Overview
- BIE-class: Unrecognized exposition
- Name: The Dwelling
- Area: Weissenhof Estate
- Visitors: 500,000
- Organized by: Mies van der Rohe and Lilly Reich (curators)

Location
- Country: German Reich
- City: Stuttgart

Timeline
- Opening: 23 July 1927
- Closure: October 1927

= Werkbund Exhibition – The Dwelling =

Exhibition held in 1927

Werkbund exhibition – The Dwelling ("Die Wohnung") was an exhibition organised by Deutscher Werkbund held in Stuttgart between July and October 1927.

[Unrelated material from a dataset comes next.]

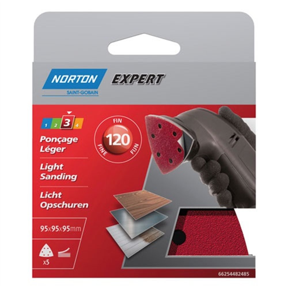 Pour un ponçage intermédiaire efficace, les triangles abrasifs Norton Expert grain 120 représentent la solution idéale entre dégrossissage et finition. Ce lot de 5 feuilles au format 95 mm s'adapte à toutes les ponceuses delta standard pour un résultat régulier sur une grande variété de matériaux.

17 European architects were invited to design modern housing for the Weissenhof Estate.
The participating architects were: Peter Behrens, Victor Bourgeois, Le Corbusier, Richard Döcker, Josef Frank, Walter Gropius, Ludwig Hilberseimer, Pierre Jeanneret, Jacobus Johannes, Pieter Oud, Hans Poelzig, Adolf Rading, Mies van der Rohe, Hans Scharoun, Adolf Schneck, Mart Stam, Bruno Taut and Max Taut.
Plans and models were shown in the Stuttgart trade hall (Gewerbehalle) and housing was built at the Weissenhof Estate.
Mies van der Rohe and Lilly Reich were the curators and Van der Rohe designed the estate layout.